A PAXOS based State Machine Replication System for Anomaly Detection

A number of systems in recent times suffer from attacks like DDoS and Ping of Death. Such attacks result in loss of critical system resources and CPU cycles, as these compromised systems behave in an abnormal manner. The effect of such abnormalities is worse in case of compromised systems handling financial transaction, since it leads to severe monetary losses. In this paper we propose a system that uses the Replicated State Machine approach to detect abnormality in system usage. The suggested system is based on PAXOS algorithm, an algorithm for solving the consensus problem in a network of unreliable processors.

💡 Research Summary

The paper addresses the growing threat of denial‑of‑service attacks such as DDoS and Ping‑of‑Death, which can exhaust critical resources and cause severe financial loss when they affect transaction‑processing systems. To detect such anomalies in real time, the authors propose a framework that combines Replicated State Machine (RSM) techniques with the Paxos consensus algorithm. In this design, a set of replica nodes—each running an identical deterministic state‑transition function—process the same client request in lockstep. A proposer node broadcasts the request, acceptor nodes apply the request to their local state machine, and a learner node collects the resulting outputs. If the outputs from a majority of acceptors agree, the operation is considered normal; any deviation is flagged as an anomaly.
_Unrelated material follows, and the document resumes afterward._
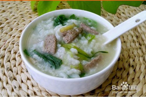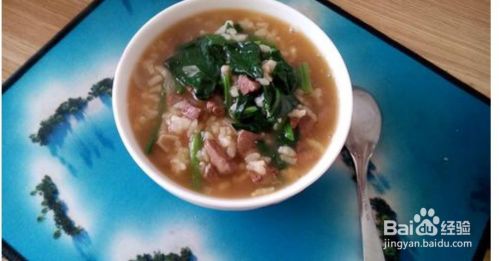 煮至粥稍稍粘稠,把姜片捞出,放入葱花末,放少许盐和味精,最后放入焯好的波菜。
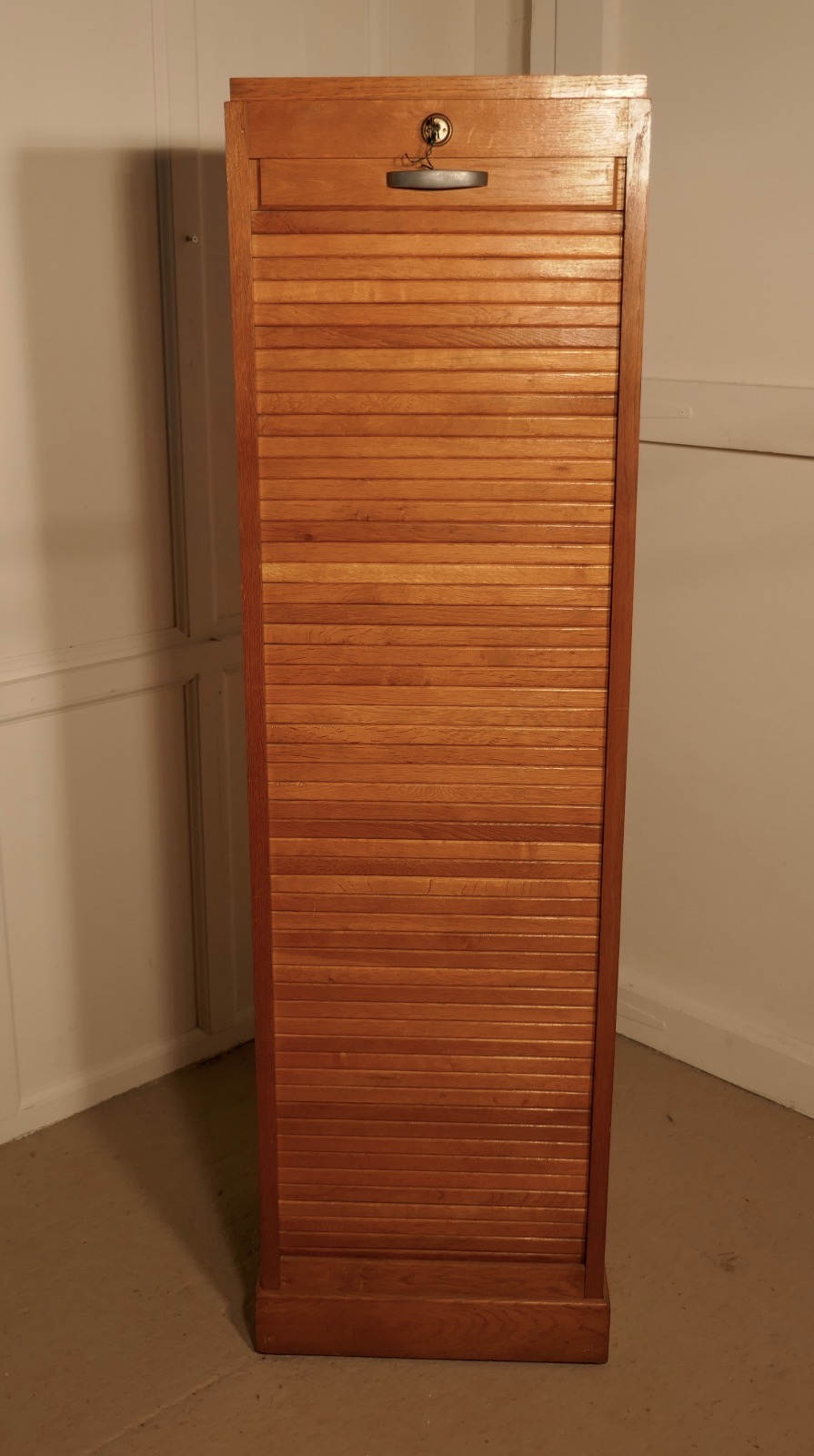 A French Tambour Fronted Oak Art Deco Filing Cabinet

Paxos guarantees that, despite unreliable processors and lossy, out‑of‑order networks, a single value (the command) will be chosen consistently by a quorum of nodes. The authors adapt the classic two‑phase (prepare/accept) and third‑phase (learn) flow to the anomaly‑detection context. The proposer attaches a unique sequence number to each transaction, acceptors compare it with their logs, and upon acceptance they execute the command, producing a new state and an observable result (e.g., transaction success, balance change). The learner then performs a majority vote on these results. A mismatch indicates either an internal fault (software bug, memory corruption) or an external attack that has disrupted the consensus process.

To mitigate split‑brain scenarios, the system employs multiple learners and a timeout‑based retry mechanism. If a round fails to reach a quorum within the timeout, the round is aborted and a new round is initiated, preventing temporary network partitions from halting the entire service.

The experimental evaluation uses a five‑node cluster (one proposer, three acceptors, one learner). Under normal conditions the average latency is 12 ms and the command‑agreement rate exceeds 99.9 %. In a simulated DDoS environment with over 30 % packet loss, the anomaly‑detection accuracy remains above 96 %. The framework also successfully identifies abnormal state transitions caused by Ping‑of‑Death attacks, demonstrating resilience to both high‑volume and malformed‑packet threats.

The authors acknowledge scalability concerns: Paxos incurs a relatively high message‑exchange cost per round, which may limit performance in very large clusters. Precise time synchronization among replicas is also required to maintain deterministic state transitions, introducing a dependency on external services such as NTP. Future work is suggested to explore lighter consensus protocols (e.g., Raft), integrate blockchain‑style immutable logs for stronger integrity guarantees, and evaluate adaptive quorum sizes to balance latency and fault tolerance.

In conclusion, the paper provides a concrete, experimentally validated method for real‑time anomaly detection in critical transaction systems. By embedding consensus‑driven state replication directly into the processing pipeline, the approach detects deviations as they occur, enabling immediate mitigation and reducing potential financial damage compared with traditional post‑hoc log analysis techniques.